Emil Cioran, Le mauvais démiurge (1969), in Œuvres, (Quarto Gallimard, 1995), pp.1169-1170
«Il est difficile, il est impossible de croire que le dieu bon, le « Père », ait trempé dans le scandale de la création. Tout fait penser qu’il n’y prit aucune part, qu’elle relève d’un dieu sans scrupules, d’un dieu taré. La bonté ne créée pas : elle manque d’imagination ; or, il en faut pour fabriquer un monde, si bâclé soit-il. C’est, à la rigueur, du mélange de la bonté et de la méchanceté que peut surgir un acte ou une œuvre. Ou un univers. En partant du nôtre, il est en tout cas autrement aisé de remonter à un dieu suspect qu’à un dieu honorable.
Le dieu bon, décidément, n’était pas outillé pour créer : il possède tout, sauf la toute-puissance. Grand par ses déficiences (anémie et bonté vont de pair), il est le prototype de l’inefficacité : il ne peut aider personne … Nous ne nous accrochons d’ailleurs à lui que lorsque nous dépouillons notre dimension historique ; dès que nous la réintégrons, il nous est étranger, il nous est incompréhensible : il n’a rien qui fascine, il n’a rien d’un monstre. Et c’est alors que nous nous tournons vers le créateur, dieu inférieur et affairé, instigateur des événements. (…).

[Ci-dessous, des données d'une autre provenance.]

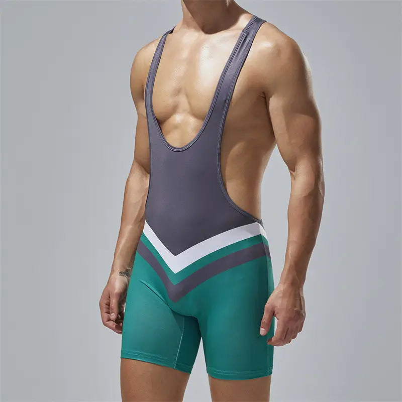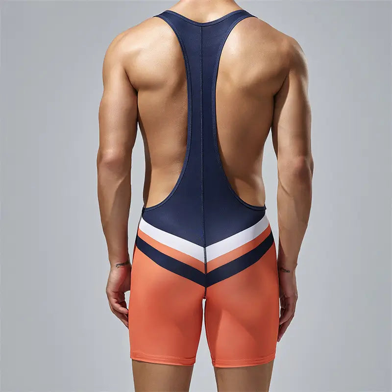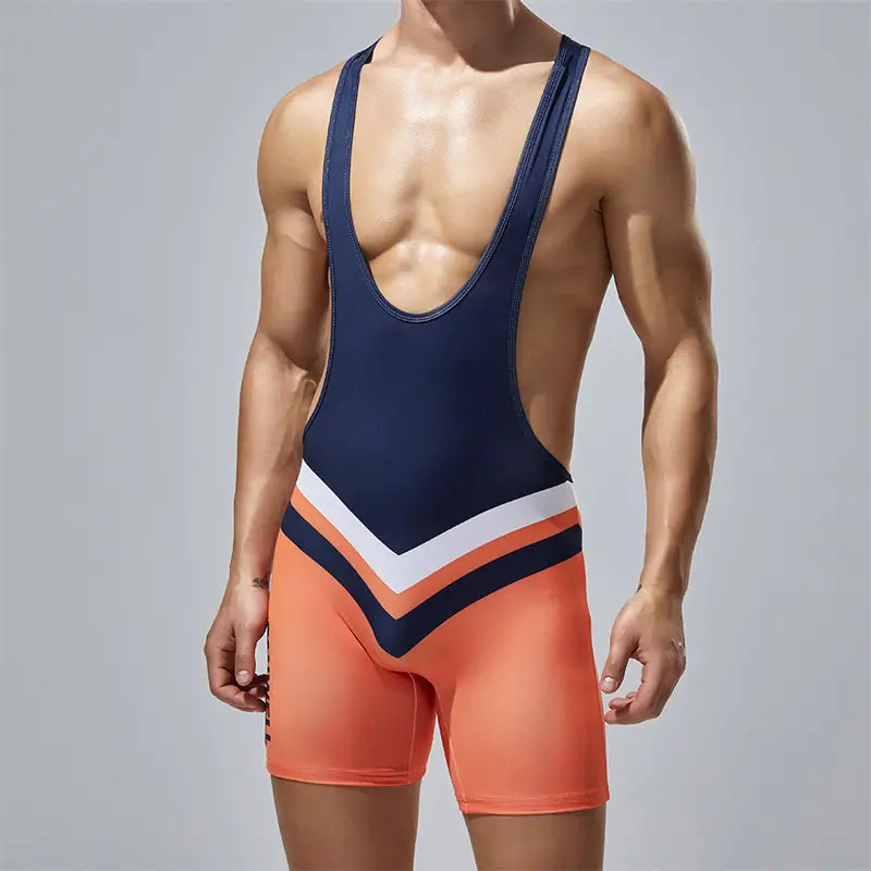 Elevate your workout with the TAUWELL Men's Stretchy Bodysuit, designed for versatility and performance. Crafted from 88% Polyester and 12% Spandex, this bodysuit offers exceptional elasticity and comfort. The deep blue upper features wide straps and a low-cut design, showcasing your physique, while the vibrant orange lower half with white and dark blue chevron stripes adds a dynamic flair. Perfect for wrestling, fitness training, or casual wear, this bodysuit combines style and functionality for the modern man.

Comme le mal préside à tout ce qui est corruptible, autant dire à tout ce qui est vivant, c’est une tentative ridicule que de vouloir démontrer qu’il renferme moins d’être que le bien, ou même qu’il contient aucunement. Ceux qui l’assimilent au néant s’imaginent sauver par là ce pauvre dieu bon. On ne le sauve que si on a le courage de disjoindre sa cause de celle du démiurge. Pour s’y être refusé, le christianisme devait, toute sa carrière durant, s’évertuer à imposer l’inévidence d’un créateur miséricordieux : entreprise désespérée qui a épuisé le christianisme et compromis le dieu qu’il voulait préserver.»